After the club were relegated back to Eerste Divisie through the playoffs, Wijnaldum finished his first season, making twenty-three appearances in all competitions.

===VfL Bochum===

After leaving Go Ahead Eagles, Wijnaldum moved to Germany when he joined VfL Bochum, signing a two-year contract, on 15 June 2015.

Wijnaldum made his Bochum debut in the first round of DFB-Pokal, where he played 45 minutes, in a 5–0 win over FSV Salmrohr. After appearing on the substitute bench for the first five league matches, he made his Bochum debut on 11 September 2015, where he came on as a substitute in the second half and played 33 minutes, in a 1–1 draw against Sandhausen. Three weeks later, on 25 September 2015, Wijnaldum made his first start and played the whole game, in a 2–1 loss against FC Kaiserslautern. However, Wijnaldum's first opportunities was increasingly limited and made only seven 2. Bundesliga appearances.

At the end of the season, Wijnaldum was released by the club after one season.

===Philadelphia Union===

On 5 January 2017, Wijnaldum moved to the United States when he joined Philadelphia Union, based in the Major League Soccer. Upon joining Philadelphia Union, the club's Sporting Director Earnie Stewart, commented on his move, quoting: "I believe Giliano is one of those players that flies under the radar, with great upside potential." On 1 November 2017, Wijnaldum's option was declined by the Philadelphia Union. On 5 June 2018 he joined Sparta Rotterdam.

==International career==
After featuring once for the Netherlands U17 side, Wijnaldum was called up by Netherlands U19 on 1 September 2010 and made his Netherlands U19 debut two days later against Germany U19, followed up by his second appearance against Greece U19 on 7 September 2010.

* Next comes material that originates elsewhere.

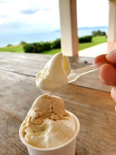 Read more今回、知り合いの鶏舎に行く約束とInstagramで知り合った島のジェラート屋さん 【ミルミル本舗】 の方に御挨拶をとフサキ方面へ向かいました。 色々あって紆余曲折やっと徒歩で到着も鶏舎が見つからず連絡もつかず断念⤵️⤵️ ならばとミルミルさんへ向かいました。 なれど知り合いはおらず今日は空港店勤務⤵️⤵️ あたしゃいったい何をしに行ったのか🤣🤣🤣🤣🤣🤣 気を取り直してミルミルさんを見て周りました。 高い場所にあるので景色は綺麗だろうと漠然と思っていましたが、綺麗どころか凄い絶景‼️ 空気が澄んだ晴れの日はジェラートの味を感じないくらい景色に見とれるであろうパノラマでした。 お土産屋さんは地元の作家さんの物が陳列され、ミルミルさんのオリジナルジャム等が並べられています。 調理に携わる私が1番引かれたのは冷凍の牛肉😆 時にスジ肉が1kg800円と思わず購入しようか悩んでしまいました😆 さて、ジェラートを頂こうと売店へ。 接客をして頂いたのが、恐らく中国からの若い元気な女性。 『貴女が勧める食べてほしいジェラートはなんですか❓️』 と聞くと、とにかく嬉しそうに明るい声で 『ミルクと黒糖です‼️』 と即答😆 その屈託の無い明るさに気圧されて 『ではそれを下さい』とお願いしました。 頂いた感想は 石垣島の輝く季節、太陽が燦々と照る夏に頂く事を考えて作られたような感じを受けました。 恐らく高温殺菌して軽く仕上げさらっと口どけの良いジェラートを目指したのだと思います。 黒糖もミネラルが強く味が濃いことから、重たくならない配合比率を試行錯誤して黒糖らしさも引き出す仕上がりになっていました。 私が感じたことは、難しいのは重々承知で、冬場に向けたジェラートもあっても良いのではと感じます。 低温殺菌で乳脂肪分を上げて牧場併設ならではの濃厚なジェラートがあれば寒い時期でも需要はあると思うのです。 仕込みも大変ですし価格も上がりますが、牧場の牛を見せながらの【牧場濃厚仕立て】とプレミアム感を出せば喜ぶ御客様が多くいらっゃると勝手に思いました。 生意気を言いまして申し訳ございません🙇♀️

On 27 February 2012, Wijnaldum was called up by Netherlands U20 for the first time and made his Netherlands U20 two days later, where he played 45 minutes, in a 3–0 win over Denmark U20. On 1 June 2012, he then scored his first Netherlands U20 goal, in a 3–0 win over France U20 in the Toulon Tournament.

==Career statistics==

===Club===
As of 5 January 2017

| Club performance |  |  | League |  | Cup |  | Other |  | Total |  |
| Season | Club | League | Apps | Goals | Apps | Goals | Apps | Goals | Apps | Goals |
| Netherlands |  |  | League |  | KNVB Cup |  | Other^{1} |  | Total |  |
| 2010–11 | AZ Alkmaar | Eredivisie | 1 | 0 | 0 | 0 | — |  | 1 | 0 |
| 2011–12 | 0 | 0 | 1 | 0 | — |  | 1 | 0 |
| 2012–13 | 19 | 0 | 1 | 0 | — |  | 20 | 0 |
| 2013–14 | FC Groningen | 26 | 1 | 3 | 0 | 1 | 0 | 30 | 1 |
| 2014–15 | Go Ahead Eagles | 19 | 0 | 2 | 0 | 2 | 0 | 23 | 0 |
| Germany |  |  | League |  | DFB-Pokal |  | Other |  | Total |  |
| 2015–16 | VfL Bochum | 2. Bundesliga | 7 | 0 | 2 | 0 | — |  | 9 | 0 |
| USA |  |  | League |  | Open Cup |  | Other |  | Total |  |
| 2017 | Philadelphia Union | MLS | 0 | 0 | 0 | 0 | — |  | 0 | 0 |
| Total | Netherlands |  | 65 | 1 | 5 | 0 | 3 | 0 | 73 | 1 |
| Germany |  | 7 | 0 | 2 | 0 | 0 | 0 | 9 | 0 |
| USA |  | 0 | 0 | 0 | 0 | 0 | 0 | 0 | 0 |
| Career total |  |  | 72 | 1 | 7 | 0 | 3 | 0 | 82 | 1 |

^{1} 2013–14 includes the Eredivisie European competition playoffs. 2014–15 includes the Eerste Divisie/Eredivisie promotion/relegation playoffs.

== Personal life ==
His older brother, Georginio Wijnaldum, plays as an attacking midfielder for Saudi Pro league club Al-Ettifaq . His half-brother, Rajiv van la Parra, also plays professional football for Apollon Smyrnis.